Travelling Salesman Problem (TSP): Given a set of cities and distance between every pair of cities, the problem is to find the shortest possible route that visits every city exactly once and returns to the starting point.

Cities in this example are represented as vertices and roads between them are the edges. Hence, we have an undirected graph and edges are weighted (distance between them).

This is an NP-Hadr problem, which means that it can only be solved in exponential time. Therefore, we cannot find an optimal solution, but we can approximate the solution using approximation algorithms.

What we are looking for in this problem is the Hamiltonian cycle, which means that we may visit each vertex exectly once and we must return to the starting vertex.

There are two different algorithms to solve this problem:

1. MST-DFS Method (2-approximation algorithm)
2. Christofides’ ALgorithm (3/2-approximation algorithm)

MST-DFS method

1. Start with a complete weighted graph

                                                        

1. Find Minimum Spaning Tree

   Use Kruskal’s or Prim’s algorithm to find the MST. Once the MST is built, perform DFS traversal on it.

                                                           

2. Do a DFS Traversal

   A -> D -> B -> D -> E -> D -> A -> C -> A

   We can see that we are revisiting vertices 2 times. We will avoid that in the following step.

3. Delete Duplicate Vertices

   A -> D -> B -> E > C -> A

   Now we have the Kamiltonian cycle.

This method gives us some solution that is greater or equal than the optimal solution and less than or equal to 2 * MST. Since in the step 3 we visited each edge twice, which gives us 2 minimum spanning trees, which is the worst case scenario. On the other side, the best case scenario is when we traverse through one MST.

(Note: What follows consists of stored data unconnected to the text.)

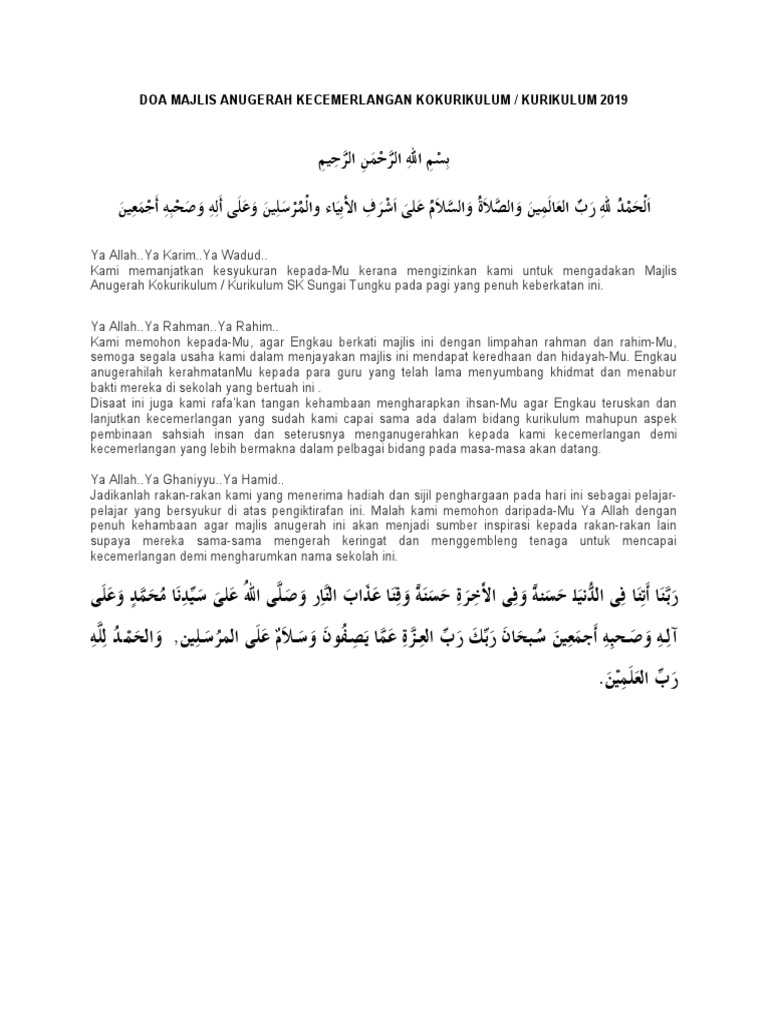 Doa Majlis Anugerah Kecemerlangan Kurikulum 2019 Pdf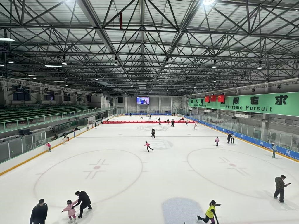 2025年1月,市民在大連冰熊冰上運(yùn)動(dòng)中心冰場(chǎng)運(yùn)動(dòng)。該冰場(chǎng)應(yīng)用了大連冰山集團(tuán)研制的制冰制冷控制系統(tǒng)。(孫濤 攝)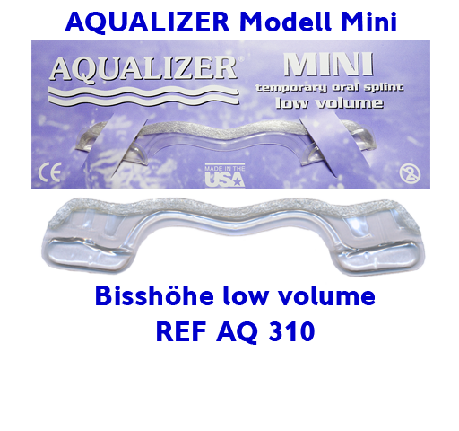 Der Aqualizer Mini Low bewirkt eine geringere Distraktion im Kiefergelenk, was für Patienten von Vorteil ist, die empfindlich gegenüber Fremdkörpern im Mund reagieren oder eine eingeschränkte Mundöffnung haben. Aqualizer mit einer niedrigen Bisshöhe von ca. 0,75 mm können aufgrund der sehr leichten Rotation im Kondylus auch optimal zur Vorbereitung einer Bissnahme für eine individuelle Beißschiene genutzt werden.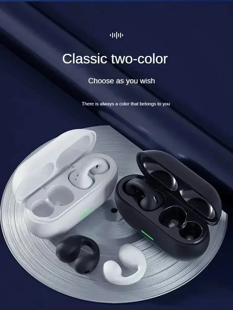 Bluetooth Headset 5.3 Wireless Bone Conduction Headphones Clip Ear Music Noise Canceling HD Call Sports Gaming Earphone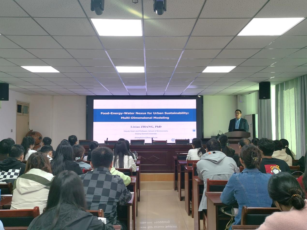 10月29日上午,应304am永利集团官网邀请,北京师范大学张力小教授于理科楼南楼410会议室为永利官网师生作题为“Food-Energy-Water Nexus for Urban Sustainability: Multi-Dimensional Modeling”的学术报告。永利官网青年教师、硕士研究生80余人参加报告会,报告会由副院长王义民教授主持。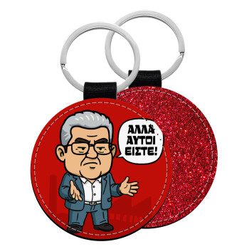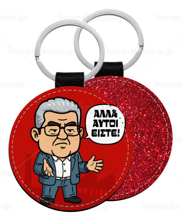 Κουτσούμπας, "Αλλά αυτοί είστε!", Μπρελόκ Δερματίνη, στρογγυλό ΚΟΚΚΙΝΟ (5cm)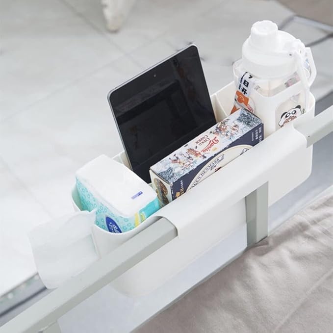 • Can be hang on bed rails or dividers less than 1.1 inches wide. Multi purpose bedside caddy for dorm bed helps to make your bed neat and orderly

Optimal Solution <= MST tour found <= 2 * MST

Since the worst case scenario is 2 * Optimal Solution, we call this a 2-approximation algorithm.

Christofides’ ALgorithm

Give the following graph:

                                                        

Steps in this agorithm:

1. Find a minimum spanning tree T

                                                           

2. Let O be the set of vertices with odd degree in T. Find minimum-cost perfect matching M.

                                                           

In this step we are keeping only the vertices with the odd degree (odd number of vertices attached to it). Then, we connect the vertices with minimal cost pairing.

1. Add the set of edges of M to T. Find an Eulerian tour.

This means that we are looking for a tour that covers every edge. A -> B -> C -> A -> E -> D -> A

                                                        

1. Shortcut the Eulerian tour to amke a Hamiltonian Cycle.

In this step we are removing duplicates since duplicates in the path mean that we are visiting the same vertex multiple times.

A -> B -> C -> E -> D -> A

                                                        

We finaly got the solution to the problem.